In article <1244@homxc.UUCP> dwc@homxc.UUCP (Malaclypse the Elder) writes:
>
>. . .  for one, i have been
>thinking of the amount of copying that is done in passing
>data through the various layers of network protocols.  perhaps
>with a very LARGE kernel address space and suitable alignment
>of data structures, this data can be memory-mapped through the
>different layers instead of copied.
>
>i haven't really thought much about it.  what do people think?
>

The only times that data copies are necessary in protocol
implementations are

  1) Crossing security/consistency boundries, such as from the user
     address space to the kernel.

and

  2) When a layer adds cruft such as headers to unaligned packets,
     such as when an IP header gets shoved in front of a TCP packet.

passing the packet from one layer to another can easily be done by
passing pointers to the start of the packet.

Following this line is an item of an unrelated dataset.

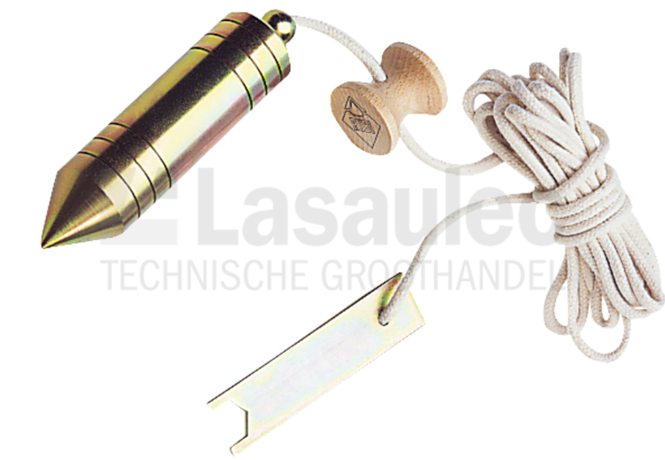 Het gewicht van het schietlood is cilindervormig en 600 gr.

There are work arounds which can limit the amount of copying necessary
in both cases, and they buy various amounts of performance on various
architectures.  They can almost all be implemented with no more kernel
memory than the amount necessary to buffer all of the packets you want
buffered + one maximum packet worth for crufty things, so the amount
of kernel address space only has to be large if you intend to hold a
lot of data.

An example (hack) workaround for boundry crossing is to require
applications to page align buffers and use copy on write.  (You can
also set the system up so only data is in the user buffer and not care
until transmission time what the application does with it, but if the
application unmaps the page, cleanup is a bother.)

A workaround for packet forming is to use scatter/gather i/o in the
hardware controllers and build pointer structures like:

Some_Packet ->  Layer_1_header  ->  (body of header)
                Layer_2_header  ->  (not necessarily contiguous body)
                .     .      .
                Layer_N_header  ->  (somewhere other altogether)
                Body            ->  (Data in user address space)

And then pass &Some_Packet around to the various layers and let them
build all of the cruft they want by filling in pointers (or not, if
this layer doesn't need to do anything for this packet.)  If the
controller can handle the scatter/gather, than there is a big
performance win; even if it can't, much copying can be avoided at a
fairly small cost in the device drivers.

This doesn't add (much) to the amount of kernel address space you use
for buffers, which you may want to make large for other reasons.